She is a Sarah Palin-lookalike who stunned the political establishment by snatching the Republican Party's Senate nomination in Delaware on behalf of the anti-government Tea Party.
But Christine O'Donnell's startling admission from a decade ago that she "dabbled into witchcraft" has come back to haunt her since her upset victory in a Republican primary contest over shoo-in Mike Castle, raising inevitable questions about her suitability for public office.
Revelations about her personal life have been picked up by none other than the Republican uber-strategist known as "Bush's brain", Karl Rove. He pointed out that the reason for her failure to break ahead in the polls against her Democratic rival in the November elections, Chris Coon, was because of these issues.
So who is Christine O'Donnell? She is a political lobbyist and ultra-conservative pundit who founded a moral advocacy group, the Saviour's Alliance for Lifting the Truth.
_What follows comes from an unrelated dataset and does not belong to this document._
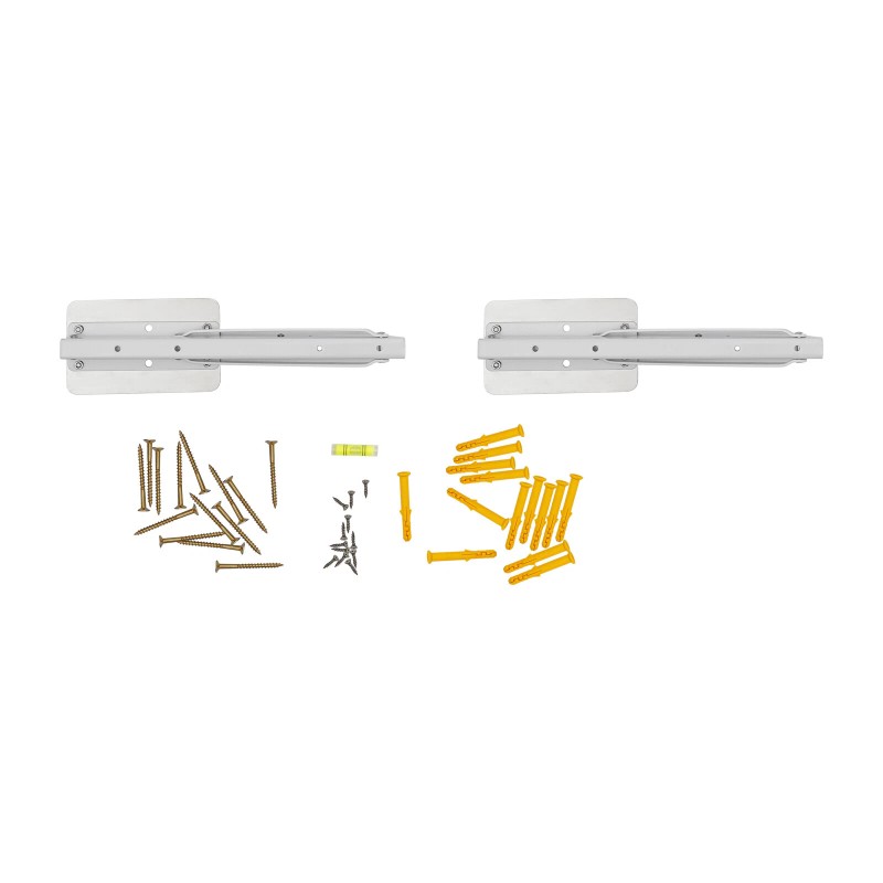 - The product has 2 kinds of installation methods. The first one is the hole-free version: you need to prepare strong glue(not included), apply the glue to the iron plate, and then install the desktop after the glue is fixed. The second is the expansion screws on the wall version: you need to remove the silver iron plate from the bracket, and then according to the bracket above the holes in the wall to confirm the position of the expansion screws into the fixed.

The last time she ran for office, against Delaware's veteran Senator Joe Biden (now US Vice-President) two years ago, she picked up just a handful of votes. Now the 41-year-old is a household name. But she now faces an official complaint that she allegedly used campaign funds to pay her rent and personal expenses, and has had to explain troubling omissions in her CV.
Then came the videos. The latest is a TV clip from 1999 in which she says she never joined a witches' coven, but "one of my first dates with a witch was on a Satanic altar".
Before that, she had been shown declaring that masturbation is a sin.
After the previously unknown video about witchcraft surfaced, O'Donnell abruptly decided to cancel scheduled appearances on the Sunday TV talk shows, having discovered that she had more urgent business in Delaware.
Biden himself has warned Democrats not to take her victory lightly.
"Gird your loins for anything: it's not likely to be a straightforward debate," he warned party workers in the state last week.
O'Donnell has accused the former senator of ordering her telephone to be tapped in one of her earlier two bids to unseat him.
In a radio interview last week, she said Biden had conducted a smear campaign against her, hinting that a tax investigation which discovered that she owed US$12,000 in unpaid taxes was politically motivated.
The big question, of course, is whether the Tea Party will harm the mainstream Republicans or the Democrats on November 3 at a time when the Democrats are fearful of losing control of the House of Representatives and possibly even the Senate. The Tea Party extremists are anti-government, anti-tax but above all anti-Obama. One influential Republican who has aligned himself with Tea Party positions, Senator Jim DeMint of South Carolina, spoke for the Tea Party over the weekend when he charged that Democratic policies were "left of Europe".
In the cradle of free enterprise this is a serious insult. But he also warned that the Republican Party would be "dead" unless it embraced conservative values. He is an O'Donnell fan.
For now, the Tea Party agenda in terms of a political platform is not clear.
The party is still a grass-roots movement rather than an organised party with recognised leaders, although the sparky former Governor of Alaska, Palin, has taken on the mantle of the party pasionaria with her message of "restoring" America.
She was keynote speaker at a "non political" rally in Washington staged by TV personality Glenn Beck which attracted tens of thousands of people this month.
Most of the 43 candidates whom she has endorsed in the primaries season - including O'Donnell - have been successful.
This has further fuelled speculation about Palin's ability to secure the Republican presidential nomination in 2012 even though the polls consistently show that she is not considered a credible candidate by voters, or by the Republican Party establishment.